Here, it is undisputed that Peerspace did not own, control, operate, or maintain the apartment. Therefore, as a matter of law it did not owe a duty to plaintiff to protect her from an allegedly dangerous condition on the property. While plaintiff argues that Peerspace had actual notice of the table since Peerspace "did not owe a duty to the plaintiff... the issue of whether it had notice of the alleged dangerous condition" is irrelevant (id. at 547). Further, plaintiff argues that a rental website owes a duty to inspect the properties that are listed on its website, but does not cite any legal authority to support her argument. Accordingly, Peerspace's motion for summary judgment will be granted and the complaint as against it will be dismissed.
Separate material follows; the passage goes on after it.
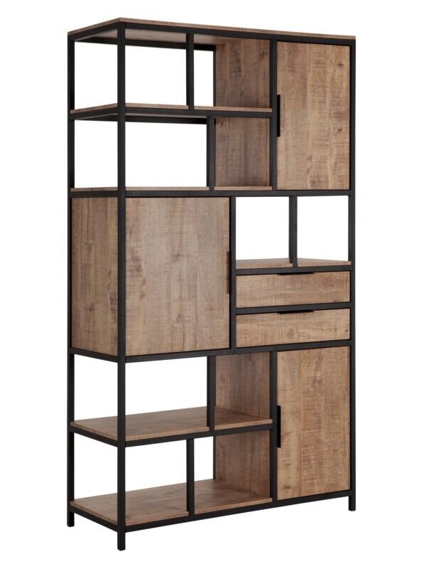 Met vakkenkast Valencia kom je nooit opbergruimte tekort. Met al die laadjes, plankjes en deurtjes heb je genoeg plek om je mooiste woonaccessoires, souvenirs en andere spulletjes tentoon te stellen. Valencia is door het spannende contrast tussen de houtlook planken en het zwarte staal echt een statement in de woonkamer. De houtlook planken zijn gemaakt van hoogwaardig kunststof en bijna niet van echt te onderscheiden. Houtlook is gemakkelijk in onderhoud en bovendien kras- en slijtbestendig. Vakkenkast Valencia heeft een afmeting van 212x120x48 cm.

Cross-Claims as against Peerspace
Peerspace also moves to dismiss the cross-claim as against it by co-defendant Hewett for breach of contract for failure to procure insurance. Peerspace argues that there was no contract between Peerspace and Hewett because the booking on the Peerspace website was between Real Vision and co-defendant Youniss. Further, Peerspace argues that pursuant to the terms of its contract, supplemental insurance coverage is contingent upon the host already having primary insurance, which Youniss did not procure. Hewett does not submit any opposition to this motion.
Peerspace submits the listing of the apartment showing that it was associated with Youniss (NYSCEF Doc No 261). Consequently, Peerspace has established that there was no contract between Peerspace and defendant Hewett. Accordingly, Hewett's breach of contract cross-claim as against Peerspace will be dismissed.
Accordingly it is
ORDERED that defendant Church Street Apartment Corp.'s motion for summary judgment (MS #008) is granted and the complaint is dismissed as against it and the clerk is directed to enter judgment accordingly; and it is further
ORDERED that defendant Ursula Pohl's motion for summary judgment (MS #008) is denied; and it is further
ORDERED that defendant Real Vision Productions, Inc.'s motion for summary judgment (MS #009) is denied; and it is further
ORDERED that defendant Peerspace Inc.'s motion for summary judgment (MS #010) is granted and the complaint and cross-claims are dismissed as against it and the clerk is directed to enter judgment accordingly; and it is further
ORDERED that the caption in this matter is hereby amended as follows:
REED YURMAN, Plaintiffs,
- v-
URSULA POHL, REAL VISION PRODUCTIONS, INC..SPENCER HEWETT, AUTOMATON INC. D/B/A RADAR, CUITLAHUAC PINEDA YOUNISS Defendants.
And it is further
ORDERED that all papers, pleadings, and proceedings in the above-entitled action be amended in accordance with this change, without prejudice to the proceedings heretofore had herein; and it is further
ORDERED that defendant Church Street Apartment Corp. shall, within 30 days of entry of this order, serve a copy of this order with notice of entry upon the County Clerk and the Clerk of the General Clerk's Office, who are directed to mark the court's records to reflect the change in the caption herein; and it is further
ORDERED that such service upon the County Clerk and the Clerk of the General Clerk's Office shall be made in accordance with the procedures set forth in the Protocol on Courthouse and County Clerk Procedures for Electronically Filed Cases (accessible at the "E-Filing" page on the court's website).